Owensboro’s Boswell purchases iconic Beauchamp farm in Hawesville, wants to bring development to area

November 17, 2023 | 12:10 am

Updated November 17, 2023 | 12:11 am

Photo from Kurtz Auction

Gary Boswell, an Owensboro businessman and State Senator, bought the iconic Beauchamp-Taylor farm and house on KY 60 in Hancock County at an auction earlier this week. He views it as a prime location for economic development and tourism in the area. 

Longtime Owensboro Mayor and Haweseville native C. Waitman Taylor owned the property until his death. 

Boswell and Taylor were longtime friends, so Boswell jumped at the opportunity to purchase the Taylor family’s farm.

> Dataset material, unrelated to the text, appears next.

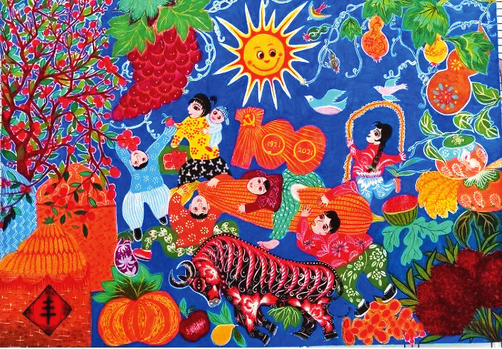 千淘萬漉雖辛苦,吹盡狂沙始到金。這些農(nóng)民畫促進會的女畫家為了創(chuàng)作吃盡了苦,費盡了心,但也在追求藝術(shù)的路上收獲了許多。丁全愛創(chuàng)作的《寒燕兒》《甜》入展山西省群眾文化惠民工程“美麗鄉(xiāng)村”現(xiàn)代農(nóng)民畫優(yōu)秀作品展,《吉祥五寶》《跤娃》《春拂滹沱》入選山西省脫貧攻堅農(nóng)民畫展;戴翠平的《撓閣上來了》被山西省農(nóng)民畫研究會收藏,2020年疫情期間創(chuàng)作的《逆行者》《眾志成城抗疫情》《全球同心抗疫情》均被代縣檔案館收藏;賈永花的《春意盎然》入展山西省群眾文化惠民工程“新農(nóng)村、新氣象”省農(nóng)民畫優(yōu)秀作品展,《農(nóng)家樂》被山西省文化館收藏;祁磊創(chuàng)作的《盛世鼓舞》被評為山西省群眾文化惠民工程“新農(nóng)村、新氣象”省農(nóng)民畫最佳作品;在中國農(nóng)民畫研究會2022年“虎虎生威慶冬奧”專題云展活動中,丁全愛、王粉玲、戴翠平、孫瑰峰、戴永蓮、柳尚艷六位畫家的作品被選中入展……她們的作品先后在《山西日報》《忻州日報》專欄刊登,逐漸被省內(nèi)外的行家和廣大農(nóng)民畫愛好者所認可,釋放出濃烈的彩墨馨香。(劉 睿)

“I’m hoping we can attract new business or industry and replace the 600 jobs lost after Century Aluminum closed,” Boswell said. “I definitely plan on keeping it whole. It would make a great winery or distillery and an excellent tourism destination.”

Legend has it that several Beauchamp descendants returned home from the California gold rush with gold and hid it on the farm. And while Boswell said that didn’t sway his decision, he enjoys discussing the possibility. 

“The Beauchamp family was very involved in gold mining during the California gold rush,” he said. “The Taylors have a deed on the farm, where any gold found over the next 20 years must be split with them. If we find any gold here, it will be by accident.”

Boswell paid $492,000 for the land and home, which is on the National Register of Historic Places.

The house was built in 1850 and was the first plantation home in Hancock County. Boswell wants to preserve it if possible and is exploring the feasibility of restoring it. 

“It’s an old, beautiful home. I remember when C. Waitman Taylor purchased it and would have several social events there,” Boswell said. “There is a building full of political memorabilia from where his grandfather and great-grandfather both served as state representatives.”

Robert Beauchamp was a farmer and businessman who introduced the plantation system of farming to Hancock County. According to The Historical Marker Database, the plantation was a self-sufficient community with several kilns to make bricks for other buildings, a blacksmith shop, loomhouses, and a dairy.